▶ **INFORMATION SUPPLIED**:
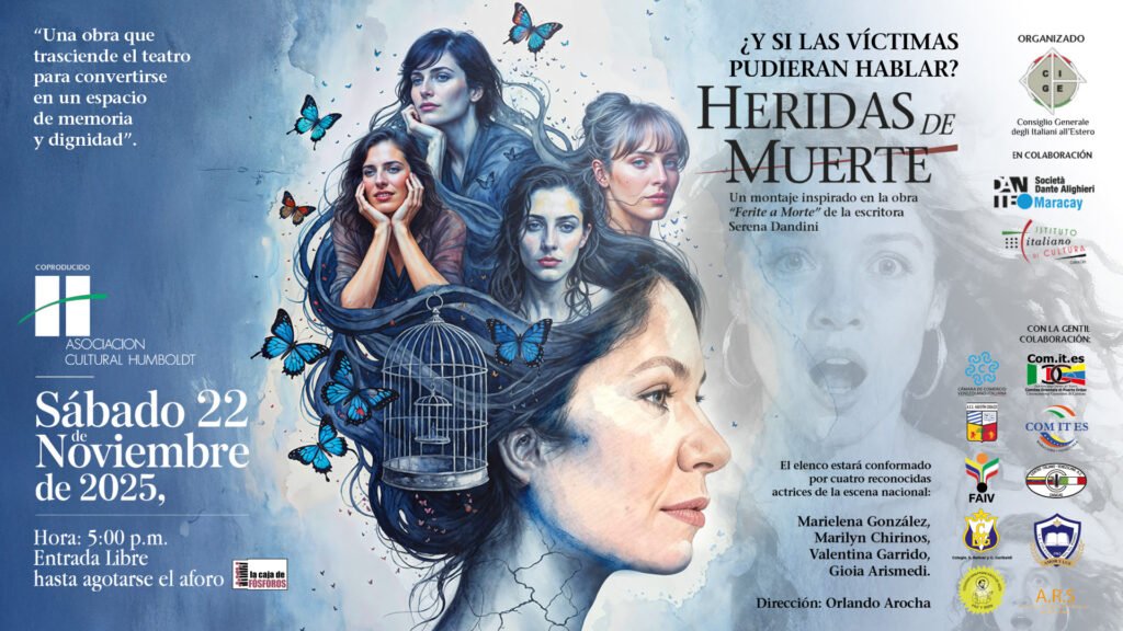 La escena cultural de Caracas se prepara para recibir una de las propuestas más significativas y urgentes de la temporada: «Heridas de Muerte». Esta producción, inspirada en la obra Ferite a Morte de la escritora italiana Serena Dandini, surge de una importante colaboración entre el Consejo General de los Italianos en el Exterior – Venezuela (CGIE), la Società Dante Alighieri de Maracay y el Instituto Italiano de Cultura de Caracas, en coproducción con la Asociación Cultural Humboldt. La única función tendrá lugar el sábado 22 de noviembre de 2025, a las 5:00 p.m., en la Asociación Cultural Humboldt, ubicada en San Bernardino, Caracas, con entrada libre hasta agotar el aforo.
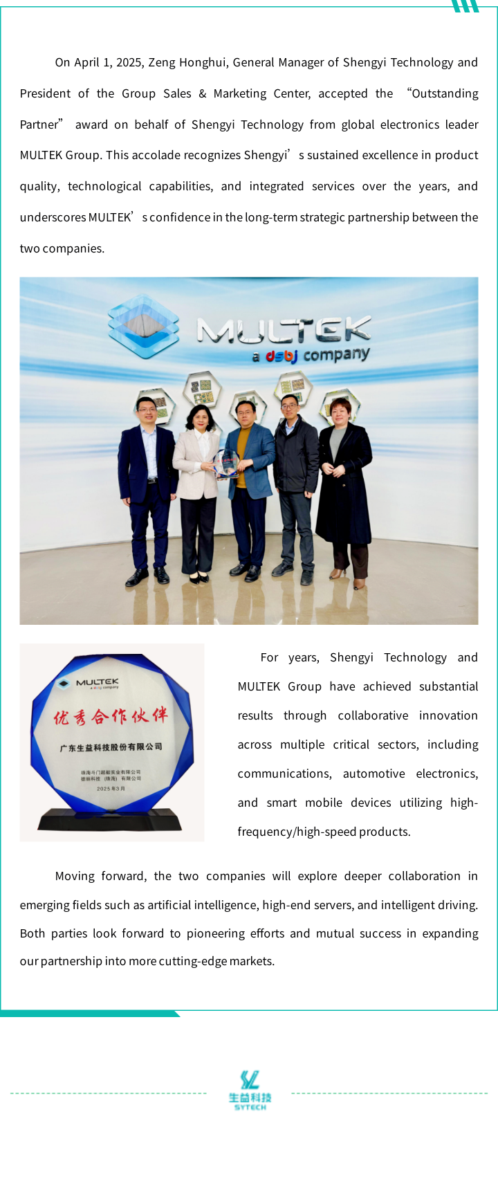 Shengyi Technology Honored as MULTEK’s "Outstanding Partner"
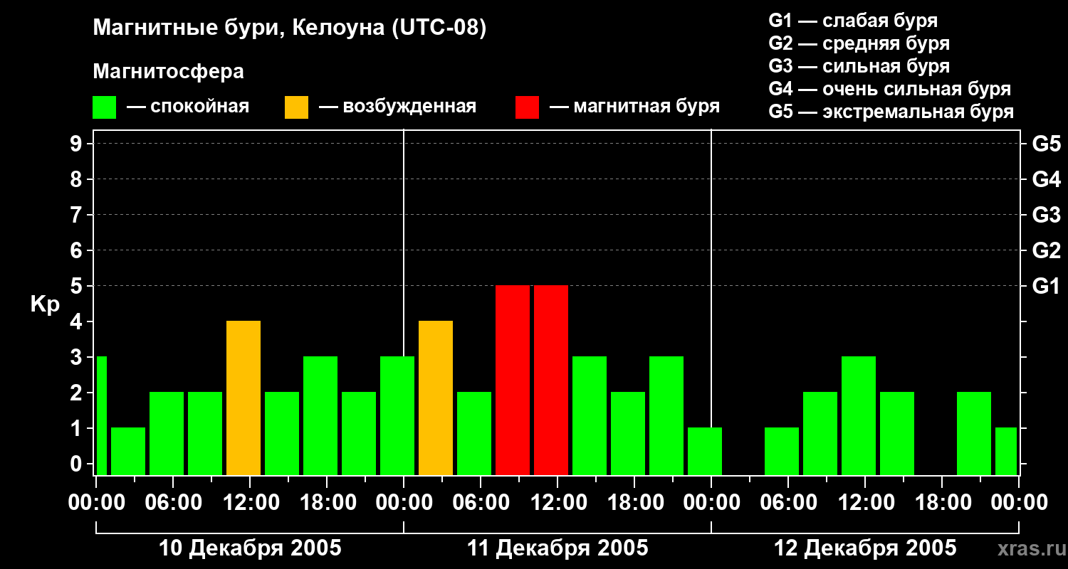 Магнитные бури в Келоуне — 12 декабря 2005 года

▶ **YOUR GOAL**: Your task is to repeat the listing exactly while omitting its pictures.

▶ **SOLUTION**:
 La escena cultural de Caracas se prepara para recibir una de las propuestas más significativas y urgentes de la temporada: «Heridas de Muerte». Esta producción, inspirada en la obra Ferite a Morte de la escritora italiana Serena Dandini, surge de una importante colaboración entre el Consejo General de los Italianos en el Exterior – Venezuela (CGIE), la Società Dante Alighieri de Maracay y el Instituto Italiano de Cultura de Caracas, en coproducción con la Asociación Cultural Humboldt. La única función tendrá lugar el sábado 22 de noviembre de 2025, a las 5:00 p.m., en la Asociación Cultural Humboldt, ubicada en San Bernardino, Caracas, con entrada libre hasta agotar el aforo.
 Shengyi Technology Honored as MULTEK’s "Outstanding Partner"
 Магнитные бури в Келоуне — 12 декабря 2005 года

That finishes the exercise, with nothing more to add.